It’s an incredibly long and emotional road when just one family member needs a heart transplant — but for a family in England, that road has proven to be three times as tough.
When Louise Snape, 31, and her fiancé Simon Williams found out she was pregnant on Christmas Eve more than three years ago, they were ecstatic. But that jubilation would soon turn to heartache after doctors discovered she and her twin daughters suffered from a rare condition called dilated cardiomyopathy, which has left all three needing heart transplants.
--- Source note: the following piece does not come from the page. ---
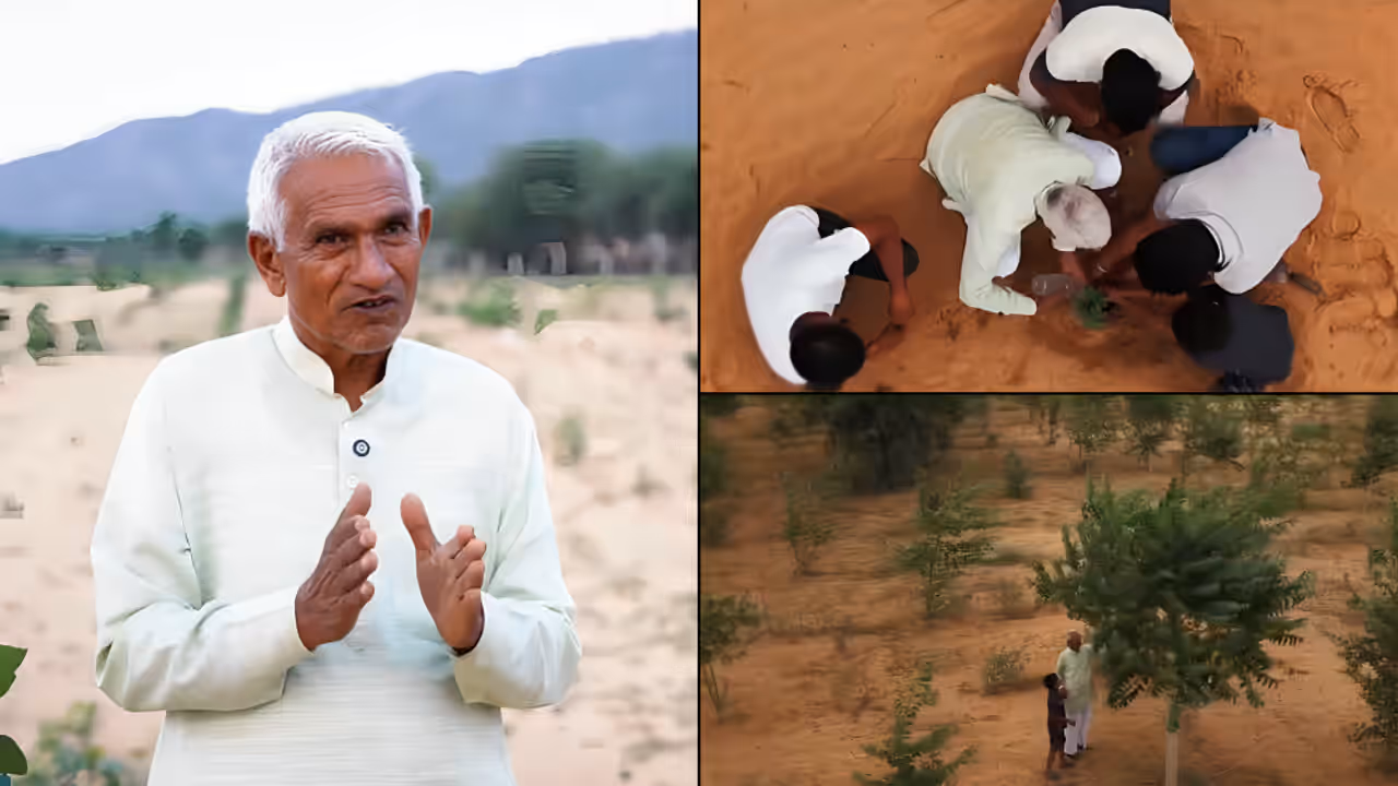 Sundaram Verma, a Padma Shri farmer from Rajasthan, has grown over 60,000 trees using just one litre of water per plant. By trapping monsoon moisture through deep ploughing, his method saves water and helps trees survive drought.

Three-year-old Katie was the first to be diagnosed.
“I knew something was wrong with Katie more or less when we bought her home,” Snape told FOXNews.com in a phone interview.
“She was going blue around the mouth and not feeding properly. She didn’t even have the energy to cry. It took me months and months — but I finally convinced doctors that there really was something wrong.”
Dilated cardiomyopathy is a disease that affects the heart’s main pumping chamber. As a result, the left ventricle becomes enlarged and can’t pump blood to the body with as much force as a healthy heart can, according to the Mayo Clinic.
After Katie was diagnosed, Snape said her daughter’s health quickly went downhill. In December of 2007, Katie underwent a heart transplant operation at Newcastle’s Freeman Hospital in England.
“Katie has a lot more energy since her transplant. Without it she wouldn’t be alive — but her immune system is still low,” Snape said. “She coughs and catches colds quicker than a normal child and gets chest infections.”
Soon after Katie’s diagnosis, doctors turned their attention to Snape and her other daughter Lauren to see if they too suffered from the same condition.
“When the twins were 4-months-old, I was diagnosed as well,” Snape said. “Lauren was diagnosed about six to seven months ago.”
Up to one-half of all cases of dilated cardiomyopathy may be passed down in the genes from parent to child. These cases are called familial dilated cardiomyopathy, the National Institutes of Health said on its Web site.
For now, Snape and Lauren are taking medication to keep the deteriorating disease at bay.
“Lauren and I are not on a transplant list yet,” she said. “But we’re keeping a close eye on her. She’s undergoing more tests to see if she needs more medication to control the condition.”
Snape is also keeping a close eye on Katie, and is realistic about what the future holds for her daughter.
“Heart transplants don’t last forever. Katie might need another transplant when she’s a teenager. It all depends on how she reacts to the anti-rejection drugs.”
Although Snape and Simon have their family to lean on during these difficult times, they have also found solace through a web page they started about the girls. It’s called The Williams Heart Family.
“We have a lot of families who come to the site who are in the same situation,” she said. “It just makes it a whole lot easier for me to know that I can help someone else and someone else can help me.”
Despite their health, Snape said the girls have a great sense if humor and love to sing and dance. Lauren is especially fond of Britain's “Got Talent” star George Sampson. She takes his DVD to bed every night.
“The future is uncertain,” Snape said. “I can only take one day at a time and just have to carry on with the treatments and hopefully have another few years with my kids.”
The only plan Snape has right now is to take the girls on vacation.
“They have never been on holiday,” she said. “We hope we can take them to America to show them what it’s all about.”